Im Rahmen ihrer Tätigkeit in der Waldorfschule fragte Elisabeth Baumann, die zusammen mit Karl Schubert die Hilfsklasse betreute, Rudolf Steiner immer wieder um Rat im Zusammenhang mit schwierigen Kindern und bat um spezielle therapeutische und eurhythmische Übungen. Sie bekam bereitwillig Antworten – die Heileurythmie entstand so aus der pädagogischen Praxis heraus. Erna van Deventer-Wolfram verfolgte später die Angaben zur therapeutischen Eurythmie zurück bis ins Jahr 1915 und davor: Von Anfang an ist das Werden der Eurythmie begleitet von Abwandlungen für deren therapeutische Anwendung. Und immer werden auch Laienkurse angeboten und entwickelt sich das pädagogisch-didaktische Element. Das prophylaktische und das heilend-erzieherische Element begleiten die Entwicklung der Anthroposophischen Medizin in ihrer zweiten Etappe. Es ist kein Zufall, dass Ostern 1921 der Heileurythmiekurs 2 gegeben wird – integriert in den zweiten Kurs für Ärzte. Es ist das Jahr, in dem im Juni die heutige Ita-Wegman-Klinik und in Stuttgart von Otto Palmer die Stuttgarter Klinik begründet wurden. Das markiert den Schritt in der Entwicklung der Anthroposophischen Medizin, durch den nun – seit 1920, dem ersten Medizinerkurs – die Krankheitslehre entwickelt wird. Zusammen mit der Wissenschaft von der Krankheit wird auch die Heileurythmie als neue Therapieform systematisch entwickelt. Sie wird so vollständig dargestellt, dass Rudolf Steiner ein Jahr später, als er nochmals gebeten wurde über Heileurythmie zu sprechen, sinngemäß sagte: Eigentlich habe ich bereits alles gesagt.3

Ich kenne das von keinem anderen Zusammenhang, dass Rudolf Steiner schlicht darauf hinweist, er hätte schon alles zu einem bestimmten Thema gesagt. In diesen Vorträgen ist eigentlich alles drin, auch wenn wir bei der Arbeit damit ständig Neues entdecken. Ich bin besonders glücklich darüber, dass im Rahmen unserer 1. Weltkonferenz für Heileurythmie auch die Tonheileurythmie vorgestellt wird, über die Rudolf Steiner im Heileurythmiekurs nicht spricht, sondern sie in einem anderen Vortragszyklus ausführt. Es gehört zu meinen ganz großen Hoffnungen, dass durch die Demonstration der Qualität ‚Tonheileurythmie' die Botschaft in 32 Länder hinausgeht und sich dieser ‚Bazillus’ Tonheileurythmie in Form einer ansteckenden Gesundheit fortpflanzt und überall ansiedelt.
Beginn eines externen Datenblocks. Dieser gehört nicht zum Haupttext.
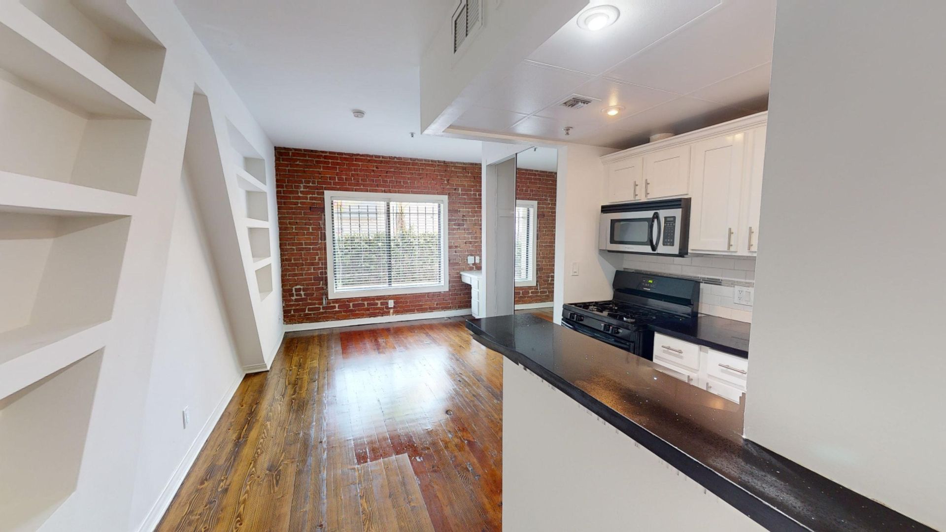 These apartment homes feature modern kitchens with stainless steel appliances, sinks, and faucets. Exposed brick walls add character and charm to select apartment homes at Burnside Villas Apartments.

Denn natürlich gehört zu dem vollständigen Keim, in dem bereits alles enthalten ist, auch das Rhythmisch-Musikalische (siehe 1. Vortrag). Es ist noch nach vielen Richtungen hin weiterzuentwickeln: In den Qualitäten der Farbe, der Form, der Musik, der Fülle der Rhythmen usw. liegen noch ungehobene Schätze verborgen. Auch diese historischen Zusammenhänge weisen darauf hin, dass die Heileurythmie, diese zutiefst menschliche Eurythmie, wie der Urgrund, der Urzugang, zu einem spirituellen Verständnis der menschlichen Organisation ist. Ohne dieses Verständnis, lässt sich die Anthroposophische Medizin nicht denken und praktizieren.

Heileurythmie ist das Herzstück. Sie selbst ist der reine Ausdruck von Herzlichkeit: Herzlichkeit im Umgang mit der Welt, Herzlichkeit im Umgang mit den Menschen.
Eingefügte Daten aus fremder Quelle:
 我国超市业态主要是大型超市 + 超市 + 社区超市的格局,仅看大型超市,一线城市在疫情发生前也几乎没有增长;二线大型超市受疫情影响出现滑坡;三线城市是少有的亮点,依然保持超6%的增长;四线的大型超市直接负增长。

Vgl. Vortrag „Vom Wesen der Heileurythmie als Herzorgan der Anthroposophischen Medizin“, Dornach, 1. Weltkonferenz für Heileurythmie, 30. Mai 2008

  1. Rudolf Steiner, Die Erkenntnis des Übersinnlichen in unserer Zeit und deren Bedeutung für das heutige Leben. GA 55, 6. Vortrag.
  2. Rudolf Steiner, Heileurythmiekurs. GA 315.
  3. Ebenda, 8. Vortrag vom 28.10.1922.